Setting to "code needs review" just in case using the above function is OK :)

Bèr Kessels’s picture

http://drupal.org/node/551500 was marked duplicate of this issue.

Bèr Kessels’s picture

Status: Needs review » Needs work

I would also really like a small investigation on how other parts of drupal handle this:
* Views: do they take strange charachters in consideration? and if yes, how?
* Core tablesorting: afaik does not consider character, but orders on database. How does this work? (try e.g, the admin/content/node sorted by title)
* Tag overview: how does that sort?

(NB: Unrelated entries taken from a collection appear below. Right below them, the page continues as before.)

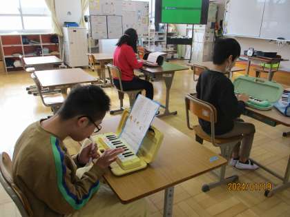 練習時間は3分で良いという子どもたち。元気な「せ〜の。」の後に喜びの歌の合奏がスタート。鍵盤ハーモニカ・リコーダー・ピアノで合奏します。とても上手です。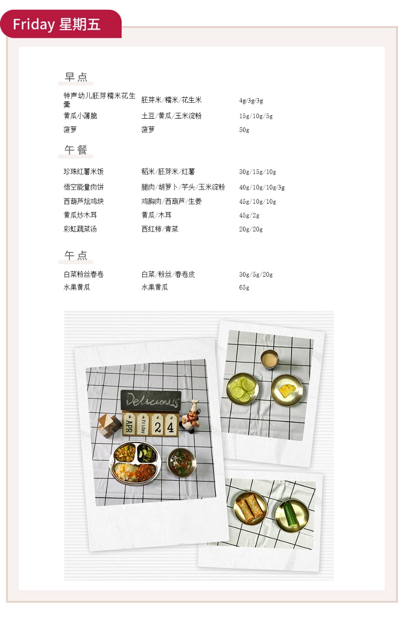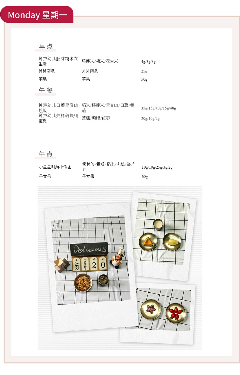 春风轻拂,美食相伴。钟声教育始终秉持科学膳食理念,用心搭配每一餐,让宝贝们在营养均衡的美味中,元气满满地拥抱幼儿园的每一天。本周,我们为孩子们准备了丰富多样的餐食,将五谷、蔬果、肉蛋、豆制品巧妙搭配,兼顾营养与趣味,用舌尖上的温暖守护宝贝的成长。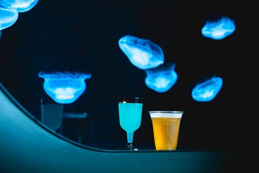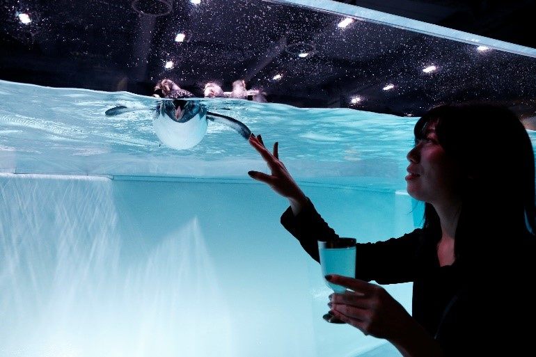 バックヤードを公開したり、デジタルアートで没入感を提供したり、ここにしかない特長はたくさんありますが、なんといっても北海道の食材を使ったパンやアルコールが館内で楽しめるのが魅力。かわいいペンギンや美しいクラゲとのカフェタイムが実現しちゃうんです。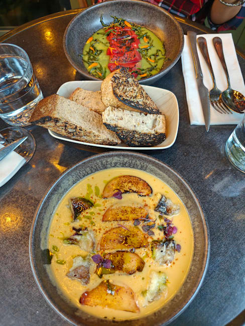 9.5/10We had the three 'to share' dishes, which were all very good. The main courses were also excellent, and the dessert was delicious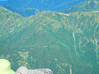 EASYチーム宿泊の鏡平山荘が見えた。(中央の赤い屋根)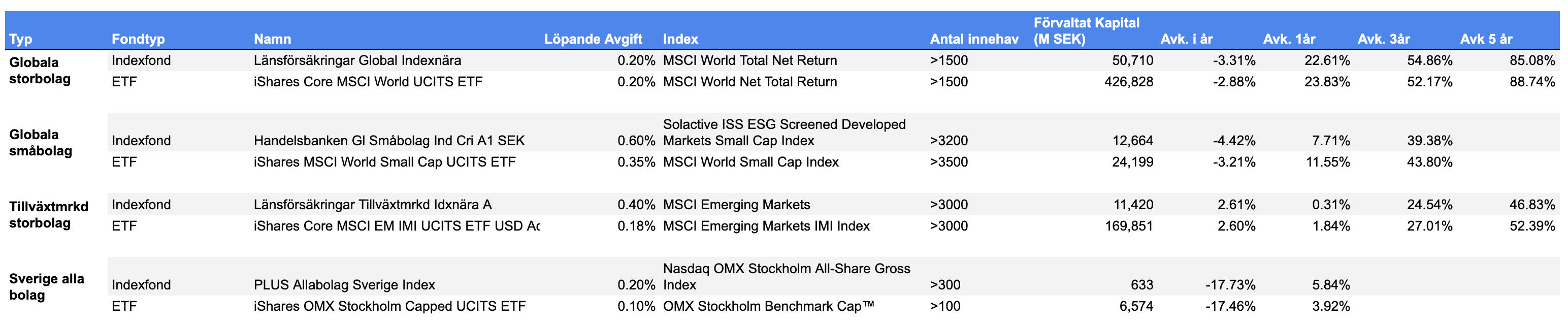 Jämförde du 30 global index fonder mot 30 globalindex-etf-er så var du en bit på väg.

I would be inclined to say: let us sort exactly the way the core tag-listing sorts.

That said: I like your patch, but would prefer it if you drop the extra wrapper function, and call your private function yourself.
I also find that we should prefix that function with tagadelic: tagadelic_strnatcasemp() to adhere the drupal guidelines.

Bèr

Bèr Kessels’s picture

Status: Needs work » Closed (won't fix)

Closing "needs work" that has been open for a long time, without anyone working on it.

Jānis Bebrītis’s picture

my function now looks like this, maybe it helps someone:

function _tagadelic_sort_by_title($a, $b) {
	if (function_exists('iconv')) {
		$namea = iconv('UTF-8', 'ASCII//TRANSLIT',$a->name);
		$nameb = iconv('UTF-8', 'ASCII//TRANSLIT',$b->name);
	} else {
		$namea = $a->name;
		$nameb = $b->name;
	}
	
	if (!$namea or !$nameb) return strnatcasecmp(to7bit($a->name), to7bit($b->name));
	else return strnatcasecmp($namea, $nameb);
}

what do we do to get this permanently into module code in new releases?

Jānis Bebrītis’s picture

Category: bug » support
Status: Closed (won't fix) » Needs review
Bèr Kessels’s picture

Status: Needs review » Closed (won't fix)

Please open a pull request on github if you still want this feature.